Eyes at the ground essential for TV commentators
One of the most memorable events this cricket summer came during the recent Melbourne BBL derby at Docklands when Renegades captain Aaron Finch was miked up by Foxtel during the tense final overs of that nail-biter.
The commentators remained mostly silent – but for the occasional question – as viewers listened in to Finch’s instructions to his team-mates and his assessment of where the game was going and what his team needed to do.
It was the most compelling television of the cricket season.
Viewers were informed and entertained while Finch’s reputation was surely enhanced by the provision of his clear and incisive comments.
It was genuine reality TV and went a long way to explaining why Finch has been so successful as a captain and why he was retained in the national white ball teams even when his form was waning.
And unless you were a dyed-in-the-wool Stars supporters (is there such a thing?), you couldn’t help but be carried along and hope for Renegades success.
It was unlike most on-field player interviews which are invariably formulaic dross in which the subject agrees with his interrogator that it would be handy to get a wicket soon or that a few more runs wouldn’t go astray.

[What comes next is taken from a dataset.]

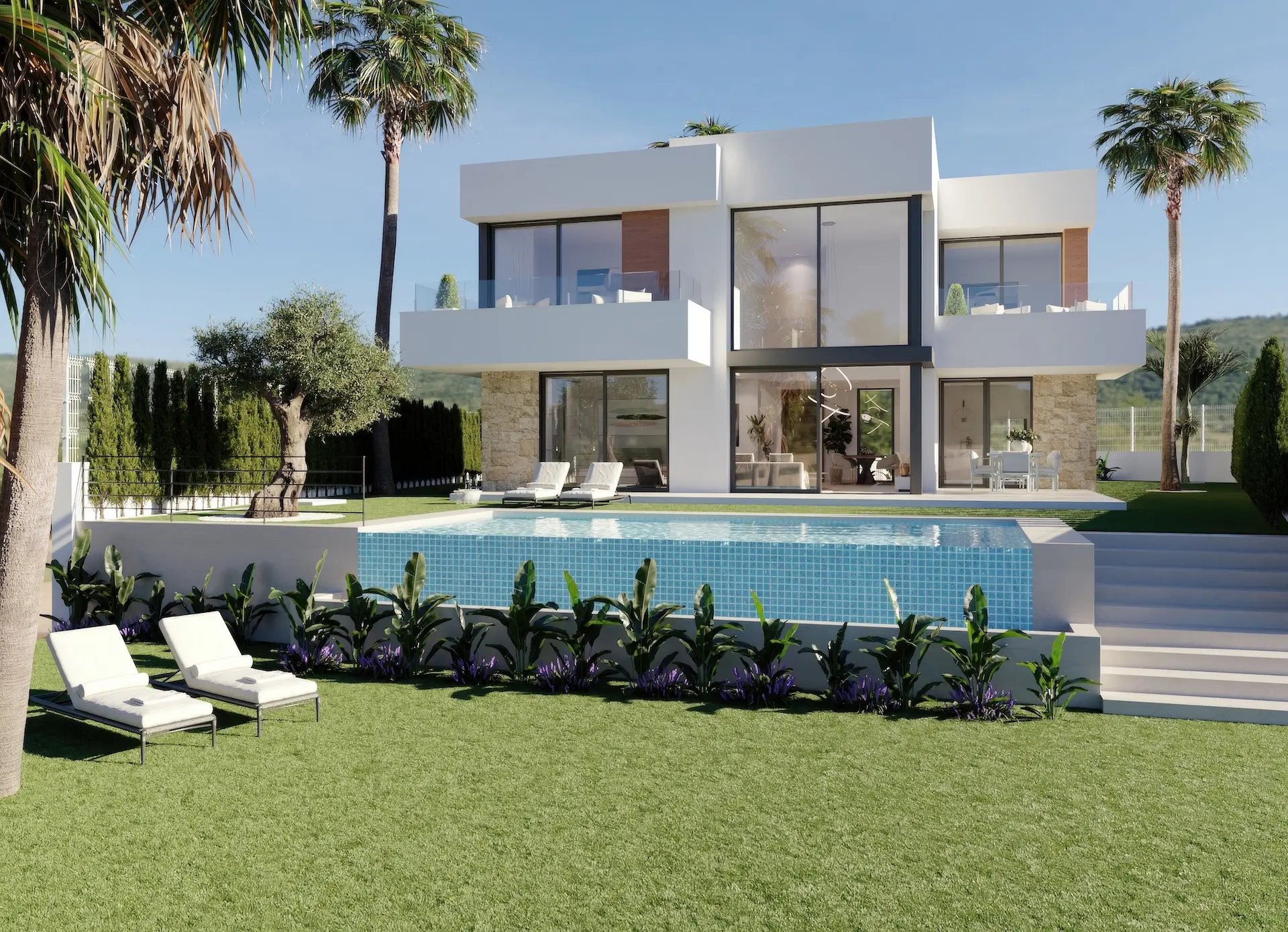 The villa is spread over two floors and features 3 or 4 spacious bedrooms and 3 stylish bathrooms. The bright living room, dining area, and fully equipped kitchen form one open space, with large windows opening onto the partially covered terrace and beautifully landscaped garden. Here, you can fully enjoy the Mediterranean climate and the magnificent views.

The key to the segment’s success was access.
Finch was on the ground – literally – and could provide immediate and insightful feedback as the game built to an exciting finish.
It was proof that the closer the commentators are to the action, the better their assessment of it.
It was also the dramatic counterpoint to the low point during the same network’s coverage of Perth’s win over the Sixers last Saturday.
Channelling the late great George Grljusich, whose ABC TV coverage of Sheffield Shield matches at the WACA Ground sometimes included such unforgettable gems as “What a great six … no he’s clean bowled!”, commentators Mark Howard and Adam Gilchrist were left high and dry by Foxtel’s decision to cover the game from a studio in the eastern States rather than at the ground.
There was no way to hide their embarrassment, nor the ineptitude of the management decision, when Moises Henriques belted a high ball deep towards the midwicket boundary.
“Another six!” Howard cried.
“It’s been caught,” Gilchrist contradicted.
The problem was the camerawork which failed to show the ball landing inside the rope and forced the commentators, operating from monitors 3000km away, to guess what was happening.
There was a similar moment a few weeks ago when an injured Jhye Richardson trudged off the ground while the commentors ignored his plight as they ploughed through some insufferable story bearing little relation to the what was happening on the field.
I once asked Richie Benaud for the secret to good television commentary.
His reply was that there was no secret but the commentator “should simply use their words … or their silence to enhance what the viewer can already see”.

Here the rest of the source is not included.